Cortez Groves (born March 25, 1978) is an American former professional basketball player who is best known for his time spent in the Australian National Basketball League (NBL).

After two years at Kansas State, Groves played in the International Basketball Association for the Salina Rattlers during the 2000–01 season. He finished the season in France with Aix Maurienne Savoie Basket, and then returned to the team for the first half of the 2001–02 season.
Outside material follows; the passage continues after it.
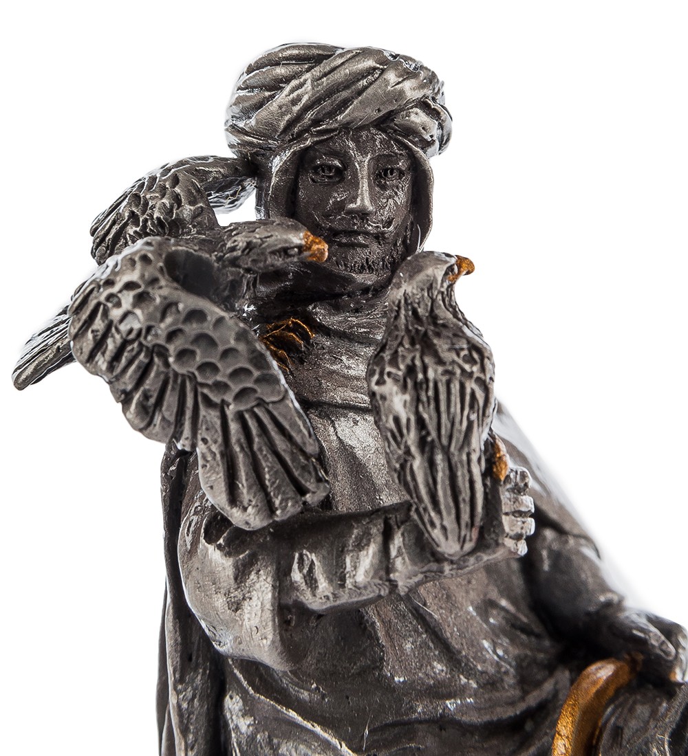 Статуэтка ''Охотник воин с соколом'', высотой 9,5 см. Соколиная охота известна с глубокой древности. Самые ранние документальные свидетельства были обнаружены при раскопках ассирийской крепости Дур-Шаррукин, вотчины царя Саргона II (722-705 гг до наш эры). Еще до нашей эры охота с использованием птиц семейства соколиных была известна у монгольских кочевников, китайских императоров, на Корейском полуострове, в Индокитае, Персии и на Ближнем Востоке. В европе она оставалась неизвестной до III века. На территории России соколиная охота стала популярной где-то в VIII-IX веках. Соколиная охота появилась настолько давно, что выяснить более-менее точную дату историкам пока не удалось. Первые свидетельства приручения хищных птиц человеком и использования их в охоте датируются седьмым веком до нашей эры: их обнаружили археологи во время раскопок крепости ассирийского царя Саргона. Охота при содействии соколов была популярна Персии и Индокитае, на Ближнем Востоке и даже в России, где соколов стали эксплуатировать в охотничьих целях с IX-го века. Интерес к соколиной охоте стал падать после изобретения огнестрельного оружия, но даже сейчас, когда изменился сам подход человека к добыванию пищи, охота с птицами до сих пор популярна о отдельных энтузиастов. Статуэтка «Охотник воин с соколом» сделана из полистоуна, и имеет высоту 9.5 сантиметров. Охотник-воин изображен верхом на лошади, украшенной золотой сбруей. Строго говоря, в охоте принимает участие не одна, а целых две птицы: первый сокол сидит на плече воина, второй – на кисти левой руки. Фигурка отлично смотрится; ей можно украсить домашний кабинет или библиотеку, а также подарить по случаю другу-охотнику.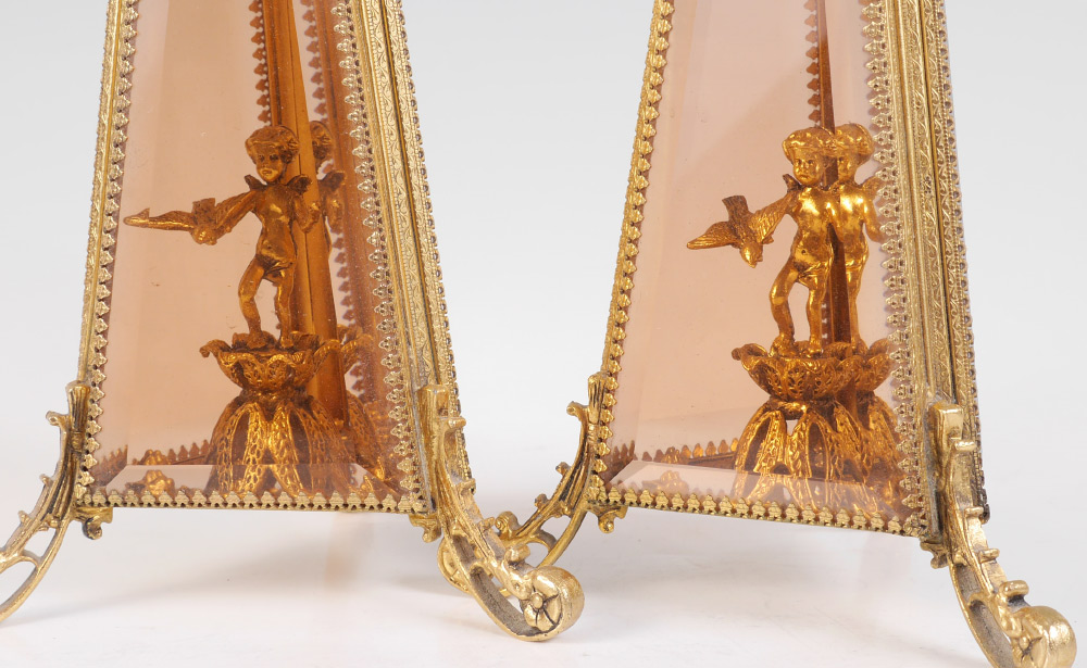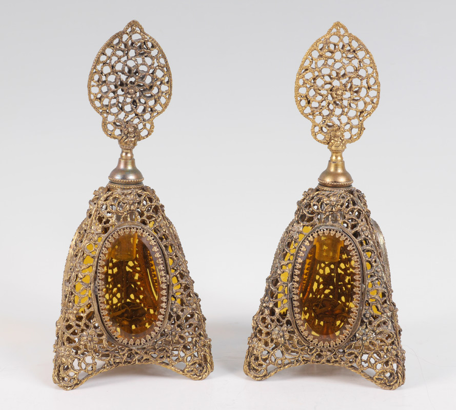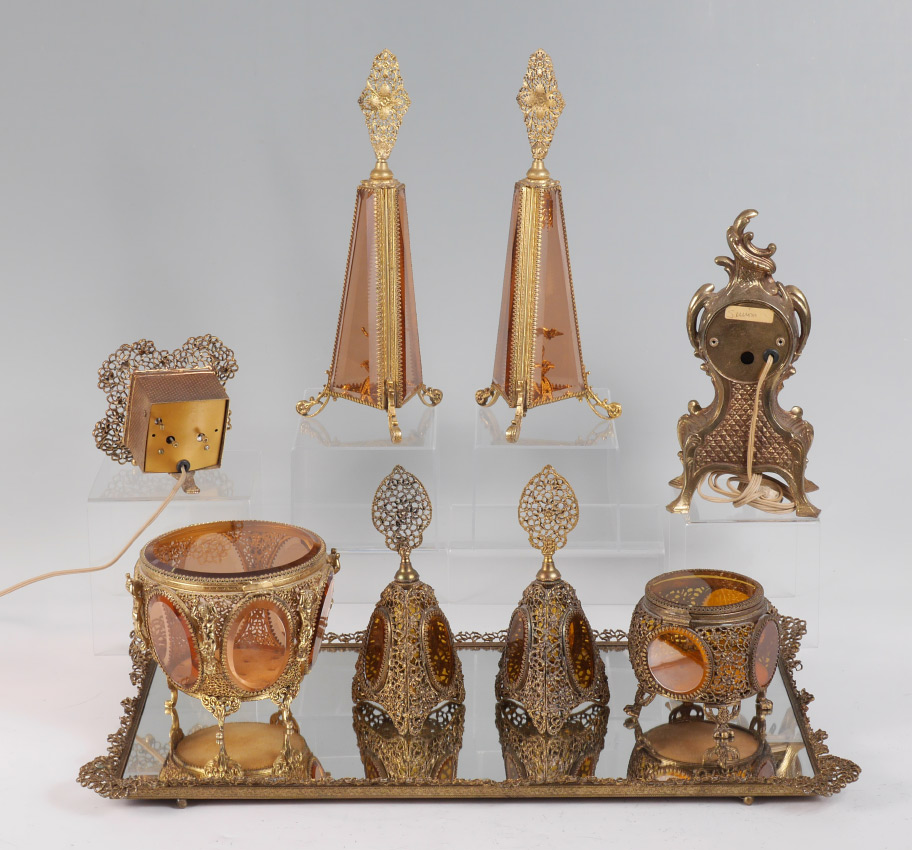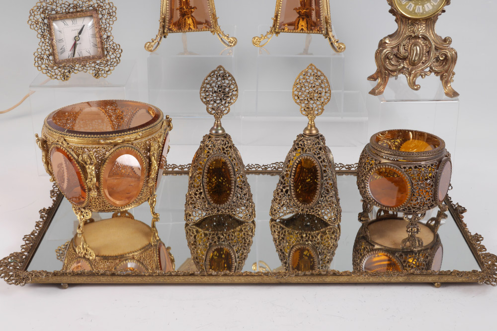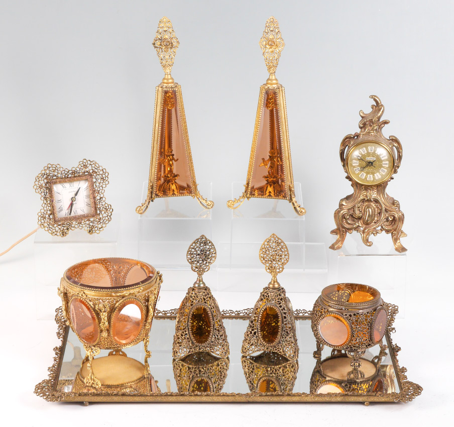 GILT METAL FILIGREE DRESSER SET: An assembled collection of gilt metal filigree items for the dresser to include 1-2) Pair perfume bottles with 3 beveled pink glass sides, figural putti and birds inside. 14'' h. x 5 1/4''. 3-4) Pair perfume bottles. 3 sides with amber glass medallions, figural rose inside, 9'' h. x 4''. 5) Dresser box with beveled pink glass lid, pink glass side medallions and figural putti, 6'' h. x 7 1/2''. 6) Dresser box with hinged amber glass lid, amber sides, paw feet. 4 1/2'' h. 7-8) 2 separate electric desk clocks. Tallest 11 1/4''. 9) Mirrored tray, 25 1/2'' x 15''.

For the 2002–03 season, Groves moved to Australia to play for the Wollongong Hawks. After a stint in the ABA with the Kansas City Knights during the 2003–04 season, Groves moved to Argentina for the 2004–05 season, where he played for Atenas de Córdoba. He returned to Australia for the 2005–06 season, re-joining the Wollongong Hawks. He continued on with the Hawks for the 2006–07 season and then joined the South Dragons for the 2007–08 season. He returned to the Dragons for a second season, but he was cut in December 2008 due to injury. He returned to Australia for the 2009–10 season to play for the Adelaide 36ers.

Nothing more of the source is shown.